The Injuries - 1985, 1990 and 1995
[4] On or about December 29, 1985, while cross-country skiing, the Applicant sustained an injury to his right knee and underwent surgery for an anterior cruciate ligament ("ACL") tear repair on December 31, 1985.
[5] After the surgery, the Applicant was off on sick leave for two and a half months. He was then required to follow a treatment plan that included a cast for 5 months, physiotherapy for over 12 months, and personalized individual home exercises. He was told to follow-up with his treating physician, Dr. Smallman, every 6 months or so for 2 to 3 years.
[6] On September 23, 1986, Dr. Smallman recommended that the Applicant not participate in the Junior Leader's Course until the Spring.
[7] Notwithstanding Dr. Smallman's recommendation, the Applicant was sent to the Combat Leader's Course, which is the equivalent of the Junior Leader's Course, effective January 1987 and there he participated in extensive combat training for a period of 12 weeks.
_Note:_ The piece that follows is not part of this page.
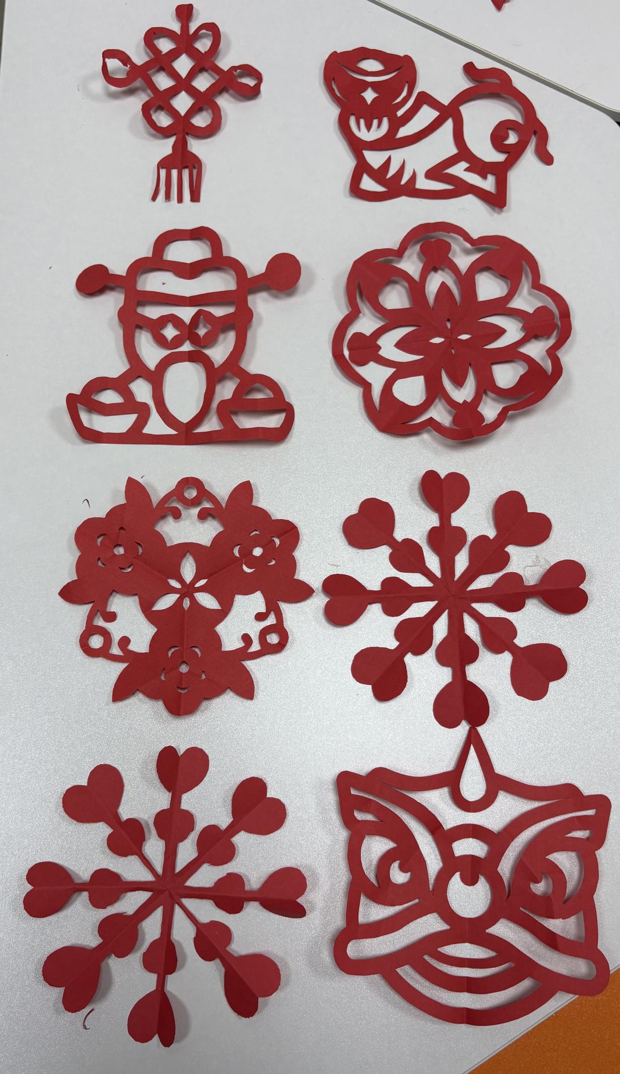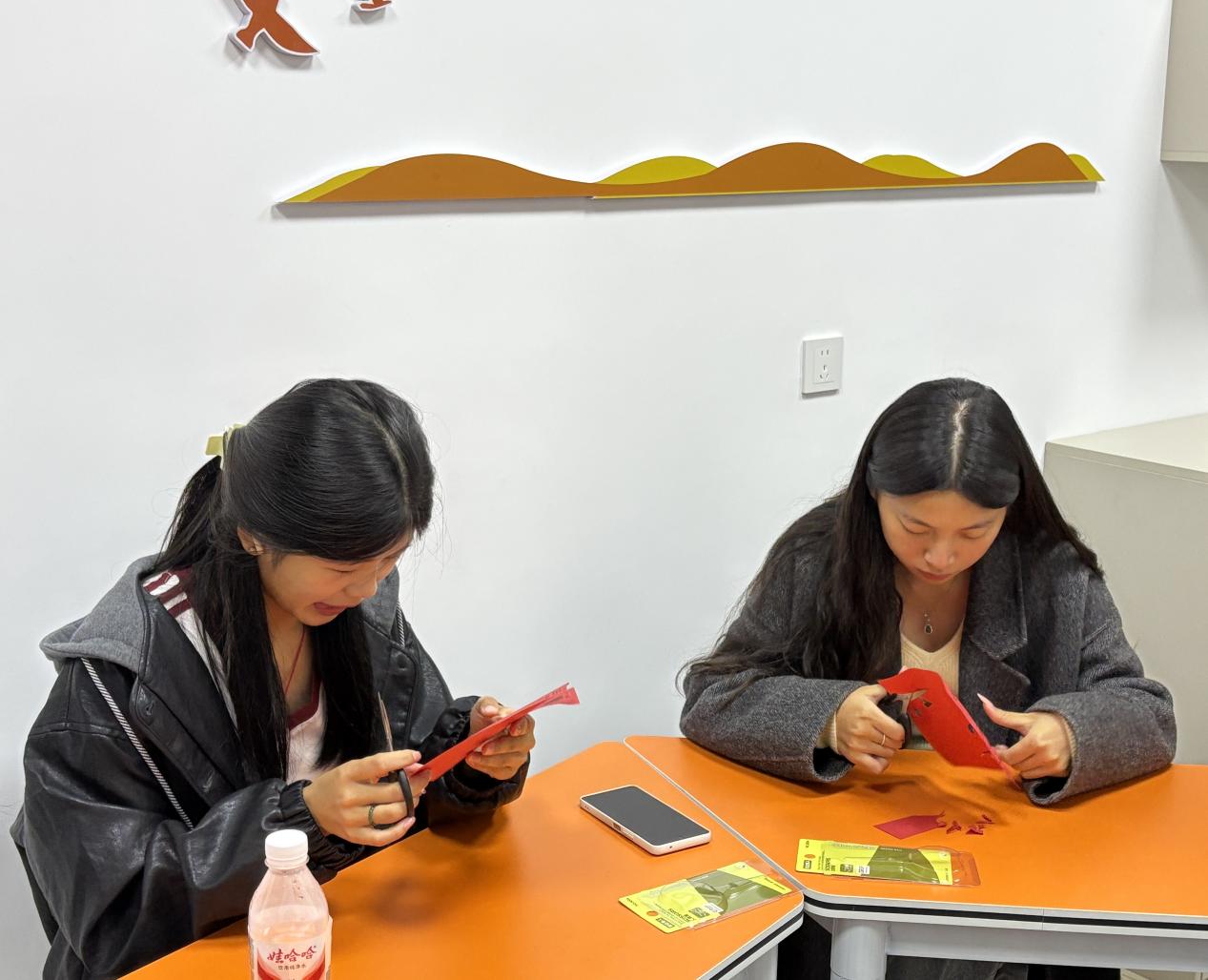 “没想到我也能剪出这么好看的作品!”一位刚刚完成“财神爷”剪纸的同学兴奋地展示着自己的成果,“整个过程特别投入,完全忘了烦恼,看着一张红纸慢慢变成想象中的样子,真的很有成就感。”不少同学也表示,这次活动不仅让他们掌握了剪纸的基本技巧,更体会到“专注做一件小事”所带来的平静与满足。有同学分享道:“以后感到压力大的时候,或许我就会拿起剪刀,剪一会儿纸,让心情慢慢静下来。”

[8] This extensive combat training was contrary to the recommendations of the Applicant's treating physician who had recommended placing the Applicant on a temporary category to allow him time to rehabilitate. In his report of April 30, 1987, Dr. Smallman acknowledged that the Applicant had some problems at the end of his training course from January to March 1987. Dr. Smallman also indicated in this report that the Applicant was not fully rehabilitated and should have been given a temporary category and allowed to "train for the next several months even up to a year in order to get himself back to optimal physical condition."
[9] In June 1987, the Applicant was assigned a temporary medical category for 6 months of light duties and access to medical care.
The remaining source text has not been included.